Городские купцы переполошились, опять собрали деньги, выбрали доверенных, послали молить слезно и кланяться низко у владыки, чтобы не лишил их города знаменитости.
Владыка смиловался: дьякона им оставил. По-старому дьякона поили и с ним пили до того, что он занемог и скончался.
Вскоре после того через тот город проезжал знаменитый столичный протодьякон, сосланный за какие-то прегрешения на место родины, в почетное изгнание.
Тогда не было телеграфов, не было послано и нарочных эстафет, но по людской молве и по ветру узнали «колокольники» о таком важном для них событии и о таком счастье для их города, что проедет басистая знаменитость. Заусловлены были соборные священники, расставлены махальные на дорогу, навстречу высланы депутатами почетные лица. Кланялись они проезжему, просили отслужить обедню и, получивши за хорошие деньги согласие, звонили в будень в праздничный большой соборный колокол.

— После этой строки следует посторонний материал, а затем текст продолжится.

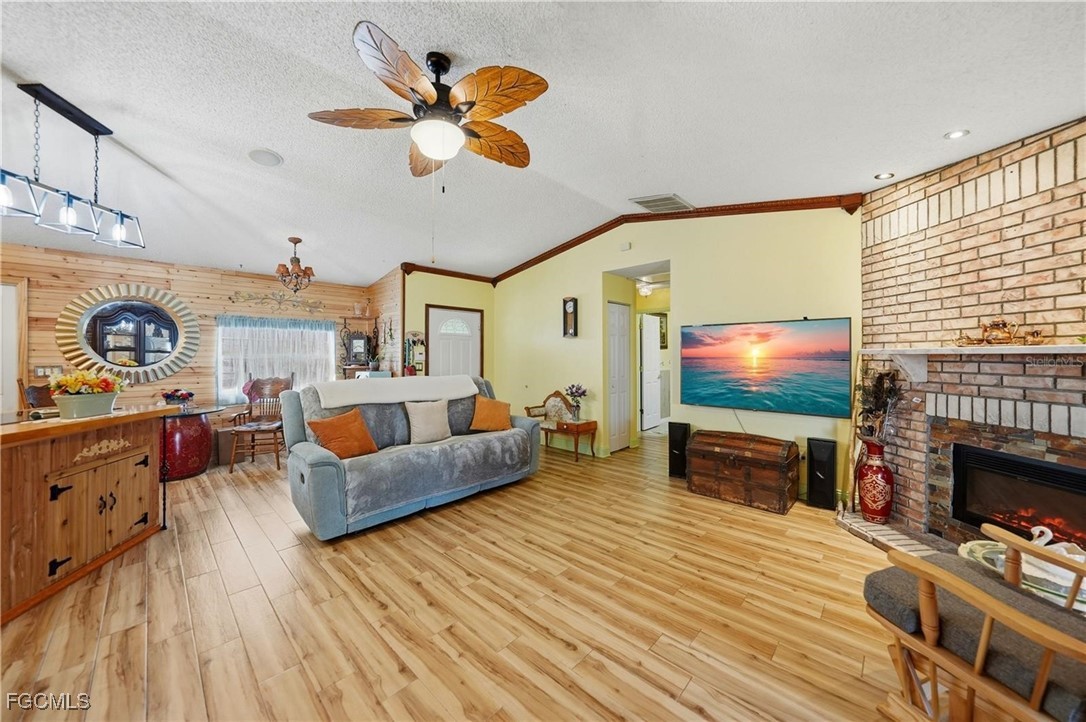 Welcome to 2213 NE 6th Place, a truly unique Cape Coral residence that brings the warmth and character of a rustic cabin retreat to sunny Southwest Florida. This beautifully reimagined 3-bedroom, 2-bathroom home with a 2-car garage offers a cozy, inviting atmosphere rarely found in the area, blending modern upgrades with timeless, lodge-style charm. From the moment you step inside, you’ll be greeted by rich textures, warm tones, and thoughtfully curated finishes that evoke the feeling of a peaceful mountain getaway. The living space is anchored by a striking electric fireplace, creating the perfect focal point for relaxing evenings and adding to the home’s distinctive cabin ambiance. Natural-inspired design elements and a comfortable layout make this home feel welcoming, intimate, and functional. The kitchen and living areas flow seamlessly, ideal for everyday living or entertaining, while the bedrooms provide quiet, comfortable retreats. Both bathrooms are tastefully updated to complement the home’s rustic yet refreshed style. Beyond its character, this home delivers major peace-of-mind upgrades, including a roof just 3 years old, brand-new A/C, and a new water heater, ensuring efficiency and reliability for years to come. A detached shed adds valuable extra storage for tools, hobbies, or outdoor equipment. Situated on a quiet street in NE Cape Coral, this home offers easy access to shopping, dining, schools, and major roadways, while still feeling like your own private escape. If you’re looking for something truly different—where cozy cabin vibes meet modern convenience—2213 NE 6th Place is a must-see. This one-of-a-kind home is perfect as a primary residence, seasonal getaway, or investment with standout character that leaves a lasting impression.

Сбежался весь город. Проезжий протодьякон показал себя и в церкви, и на общественном обеде. Сытым и пьяным увезли его тело дальше, но дух его остался в городе: каждый стал стараться ему подражать, дойти до тех густых тонов, выработать такие же пленительн ые вибрации. Весь город забасил, пел и гудел, голосил на все лады и на всяком месте: и по домам, и по рядам. Возились и мучились таким образом долго, пока не дошел один и не попал в самую точку и всех, таким образом, перехвастал.
Когда достиг он такой чести и счастья, все другие соперники замолчали и затем дерзали пробовать и развивать себя лишь только дома, перед праздниками, и так, чтобы победитель не мог их услышать.
Победитель был именно тот одутлый купец, который отмалчивался, сидя в гостях у архиерея.
Победа эта решила его судьбу. Он начал гоняться за певчими, собирать их в хоры и заставлять петь, конечно, с тем, чтобы и самому в том участвовать. Сам на свой счет завел он хор, потратил много денег, но не выдержал, распустил певцов и начал с тех пор гоняться за городскими и архиерейскими. Угощал их, угощался сам. При этом он сильно расходовался: певчие его не щадили, да и он сам не скупился для удовлетворения своей неутолимой страсти. Верхом блаженства считал он пение басового соло в каком-либо из концертов Бортнянского, верхом счастья - чтение Апостола за обедней посреди церкви и многолюдства и при певчих.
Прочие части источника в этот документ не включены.